An article in a recent issue of New Scientist highlights the potential partnership between computers and mathematicians. It begins with an account of the use of computers in a proof that would do little, it seems, to provide greater understanding, or greater insight into the content of the idea the proof explores. The computer program merely exhausts the counter examples of a theorem, thereby proving it true (a task far too impractical to attack by hand). Reviewing this kind of proof, however, requires checking computer code, and this is something that referees in mathematics are not likely to want to do. And so efforts have been made to make the checking easier by employing something called a ‘proof assistant.’ The article doesn’t do much to clarify how the ‘proof assistant’ works, and says just a little about how it makes things easier. But a question that comes to mind quickly for me is whether such a proof could reveal new bridges between different sub-disciplines of mathematics, the way the traditional effort has been known to do.

A discussion of the work of prominent mathematician Vladimir Voevodsky follows. This work takes us back to foundational questions and clearly addresses those bridges. While mathematics is grounded in set theory, this foundation can allow more than one way to define the same mathematical object. Voevodsky decided to try to fix the problem that this creates for computer generated proofs.

…if two computer proofs use different definitions for the same thing, they will be incompatible. “We cannot compare the results, because at the core they are based on two different things,” says Voevodsky.

Voevodsky swaps sets for types described as “a stricter way of defining mathematical objects in which every concept has exactly one definition.

“This lets mathematicians formulate their ideas with a proof assistant directly, rather than having to translate them later. In 2013 Voefodsky and colleagues published a book explaining the principles behind the new foundations. In a reversal of the norm, they wrote the book with a proof assistant and then “unformalized” it to produce something more human-friendly.

There’s a very well-written description of the history and recent successes of Voevodsky’s work in a Quanta Magazine piece from May 2015. Voevodsky’s new formalism is called the univalent foundation of mathematics. The Quanta article describes how these ideas grew from existing formalisms in reasonable detail.
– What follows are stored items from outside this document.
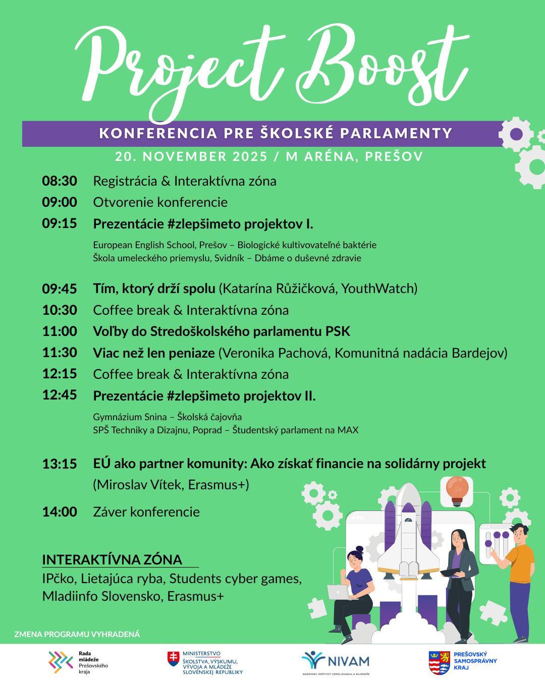 Téma konferencie: Project boost - Ako rozvíjať tím a posunúť nápad na ďalšiu úroveň? Ako vytvoriť dôveru, motiváciu a zdravú vnútornú kultúru tímu? Ako zosúladiť ciele projektu s osobnými hodnotami členov tímu? Ako efektívne komunikovať počas náročných fáz projektu? Kde získať financie na náš nápad? Čo je crowdfunding a ako ho využiť?
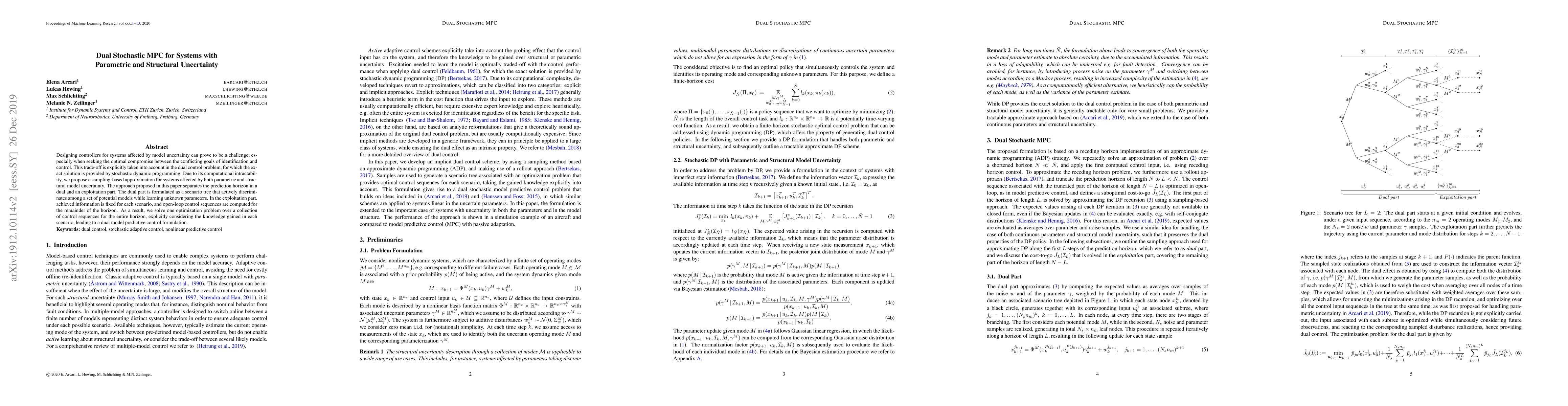 This paper proposes a dual stochastic model predictive control (MPC) approach for systems with parametric and structural uncertainty, addressing the challenge of optimal control amidst model identification. The method divides the prediction horizon into a dual part for active model discrimination and parameter learning, and an exploitation part for fixed-information open-loop control, resulting in an optimized control sequence that considers knowledge gained from scenarios.
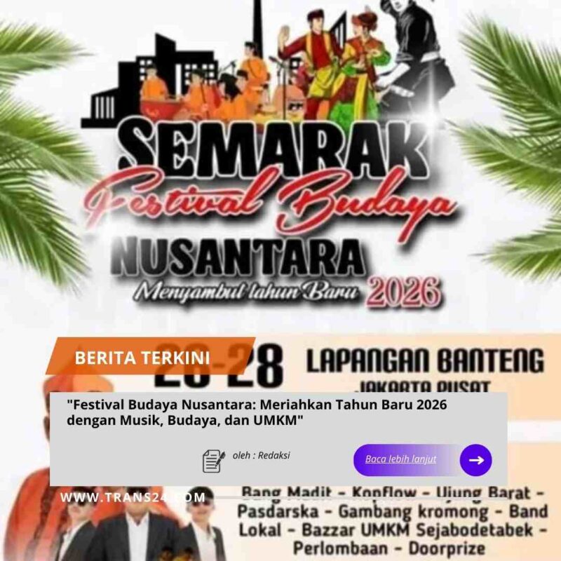 JAKPUS//trans24.id – Festival Budaya Nusantara akan digelar di Lapangan Banteng, Jakarta Pusat, dari tanggal 26-28 Desember 2025. Acara ini akan dimeriahkan oleh Bang Madit, Kopflow, Ujung Barat, dan artis lainnya, serta bazar UMKM se-Jabodetabek.

But, what I find most interesting is the surprising consistency among particular ideas from computer science, logic and mathematics.

This consistency and convenience reflects something deeper about the program, said Daniel Grayson, an emeritus professor of mathematics at the University of Illinois at Urbana-Champaign. The strength of univalent foundations lies in the fact that it taps into a previously hidden structure in mathematics.

“What’s appealing and different about [univalent foundations], especially if you start viewing [it] as replacing set theory,” he said, “is that it appears that ideas from topology come into the very foundation of mathematics.”

One of the youngest sub-disciplines finds its way into the foundation, a very appealing and suggestive idea. Finding hidden structure is what always looks magical about mathematics. And it is, fundamentally, what human cognition is all about.

There’s a nice report on one of Voevodsky’s talks in a Scientific American Guest Blog from 2013 by Julie Rehmeyer that includes a video of the talk itself.

This topic requires a closer look, which I expect to do with a follow-up to this post.